UNITED STATES of America, Plaintiff-Appellee, v. James Antwon JOHNSON, Defendant-Appellant.
After serving 37 months in prison for possessing a firearm as a felon, 18 U.S.C. § 922(g)(1), James Antwon Johnson began a three-year term of supervised release. Only three months later, he began violating the terms of his supervision: As he later admitted, he possessed a gun and ammunition, endangered a child's welfare, unlawfully possessed marijuana, failed to report to probation, failed to notify probation that he had been questioned by law enforcement, and failed to make monthly payments towards his financial penalty. The government charged him separately under § 922(g)(1) for possessing the gun and ammunition. The district court revoked his supervised release, see 18 U.S.C. § 3583(e) and (g), and imposed a 14-month prison term to run consecutive to his anticipated sentence on the new felon-in-possession charge. Johnson filed a notice of appeal, but his appointed counsel asserts that the appeal is frivolous and moves to withdraw under Anders v. California, 386 U.S. 738, 87 S.Ct. 1396, 18 L.Ed.2d 493 (1967).
At the outset we note that the Constitution does not provide a right to counsel in a revocation proceeding when, as here, the defendant does not contest the grounds for revocation or assert substantial and complex arguments in mitigation of the sentence. See Gagnon v. Scarpelli, 411 U.S. 778, 789–90, 93 S.Ct. 1756, 36 L.Ed.2d 656 (1973); United States v. Eskridge, 445 F.3d 930, 932–33 (7th Cir. 2006). The Anders safeguards therefore need not govern our review, but it is our practice to apply them nonetheless. See United States v. Wheeler, 814 F.3d 856, 857 (7th Cir. 2016). Counsel's brief explains the nature of the case and addresses the issues that an appeal of this kind might involve, and Johnson has not responded to counsel's motion. See Cir. R. 51(b). Because the analysis appears thorough, we limit our review to the subjects that counsel discusses. See United States v. Bey, 748 F.3d 774, 776 (7th Cir. 2014).

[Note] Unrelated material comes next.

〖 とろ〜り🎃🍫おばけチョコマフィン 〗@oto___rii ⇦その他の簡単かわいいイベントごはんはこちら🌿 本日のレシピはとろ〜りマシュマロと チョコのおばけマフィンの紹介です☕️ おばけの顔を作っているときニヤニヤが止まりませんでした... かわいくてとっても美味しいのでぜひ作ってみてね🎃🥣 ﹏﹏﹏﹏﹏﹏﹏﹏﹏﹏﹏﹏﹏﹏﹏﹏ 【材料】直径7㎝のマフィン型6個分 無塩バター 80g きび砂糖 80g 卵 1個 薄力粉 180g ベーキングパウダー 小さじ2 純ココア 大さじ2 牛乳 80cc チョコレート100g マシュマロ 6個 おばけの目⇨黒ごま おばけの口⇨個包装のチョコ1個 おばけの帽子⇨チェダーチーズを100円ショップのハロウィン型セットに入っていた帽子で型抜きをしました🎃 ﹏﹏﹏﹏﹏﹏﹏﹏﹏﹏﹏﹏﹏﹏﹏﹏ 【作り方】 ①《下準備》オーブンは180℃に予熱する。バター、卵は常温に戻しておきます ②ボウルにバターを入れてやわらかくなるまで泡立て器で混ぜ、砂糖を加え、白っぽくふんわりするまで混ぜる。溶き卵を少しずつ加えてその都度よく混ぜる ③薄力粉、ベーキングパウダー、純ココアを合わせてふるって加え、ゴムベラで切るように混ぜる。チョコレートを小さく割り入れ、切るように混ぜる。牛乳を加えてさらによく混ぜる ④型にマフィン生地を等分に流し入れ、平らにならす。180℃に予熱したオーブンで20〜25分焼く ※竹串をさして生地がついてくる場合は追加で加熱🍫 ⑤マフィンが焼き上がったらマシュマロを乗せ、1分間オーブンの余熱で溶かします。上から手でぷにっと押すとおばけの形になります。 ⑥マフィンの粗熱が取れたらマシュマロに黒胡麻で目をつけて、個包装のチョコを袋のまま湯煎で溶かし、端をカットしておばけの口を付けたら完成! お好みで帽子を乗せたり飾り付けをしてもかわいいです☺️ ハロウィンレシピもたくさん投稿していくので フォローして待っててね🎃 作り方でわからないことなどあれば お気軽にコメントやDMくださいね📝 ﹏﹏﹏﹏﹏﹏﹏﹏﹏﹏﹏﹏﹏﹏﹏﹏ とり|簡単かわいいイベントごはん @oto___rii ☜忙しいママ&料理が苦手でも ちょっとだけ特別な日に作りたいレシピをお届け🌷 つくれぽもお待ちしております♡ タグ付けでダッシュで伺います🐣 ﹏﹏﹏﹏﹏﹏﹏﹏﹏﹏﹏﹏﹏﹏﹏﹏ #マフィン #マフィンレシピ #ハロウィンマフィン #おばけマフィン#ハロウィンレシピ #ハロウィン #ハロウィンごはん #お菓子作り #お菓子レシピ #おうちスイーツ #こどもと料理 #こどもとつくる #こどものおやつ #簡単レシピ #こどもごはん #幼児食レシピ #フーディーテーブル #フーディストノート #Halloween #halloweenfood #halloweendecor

Counsel begins by telling us that Johnson does not wish to challenge his admissions to the violations underlying the revocation of his supervised release. For that reason, counsel appropriately refrains from discussing whether Johnson's admissions were knowing and voluntary. See United States v. Wheaton, 610 F.3d 389, 390 (7th Cir. 2010); United States v. Knox, 287 F.3d 667, 670–71 (7th Cir. 2002).
Counsel next questions whether Johnson could challenge the calculation of his imprisonment range but rightly concludes that this challenge would be frivolous. As counsel explains, the district court correctly determined that Johnson's most serious violation (possessing a weapon and ammunition as a felon, an offense punishable under both state and federal law by a prison term exceeding one year) was a Class B violation, see U.S.S.G. § 7B1.1, and that the applicable policy-statement range for the violation—based on the Category III criminal history at the time of Johnson's original sentencing—was 8 to 14 months’ imprisonment. See U.S.S.G. § 7B1.4(a). The court's order that Johnson serve this prison term consecutive to his anticipated sentence on his new charge is also consistent with the relevant policy statement. See U.S.S.G. § 7B1.3(f).
Counsel also considers but rightly rejects a challenge to the reasonableness of the 14-month prison term. As required by 18 U.S.C. § 3583, the district court took into account the relevant sentencing factors in § 3553(a), including the nature and circumstances of the violations (noting that Johnson had returned to dangerous behavior “right out of the gate” after his release from prison), Johnson's background and personal characteristics (discussing his history of domestic abuse and other violent acts), and the need to deter Johnson from future criminal acts and protect the public (explaining that imprisonment at the low end of the guidelines would be insufficient to achieve those goals). It then permissibly selected a sentence within the policy-statement range. Under these circumstances, we would not find the new prison term to be plainly unreasonable. See United States v. Jones, 774 F.3d 399, 404–05 (7th Cir. 2014).
Counsel's motion to withdraw is GRANTED, and the appeal is DISMISSED.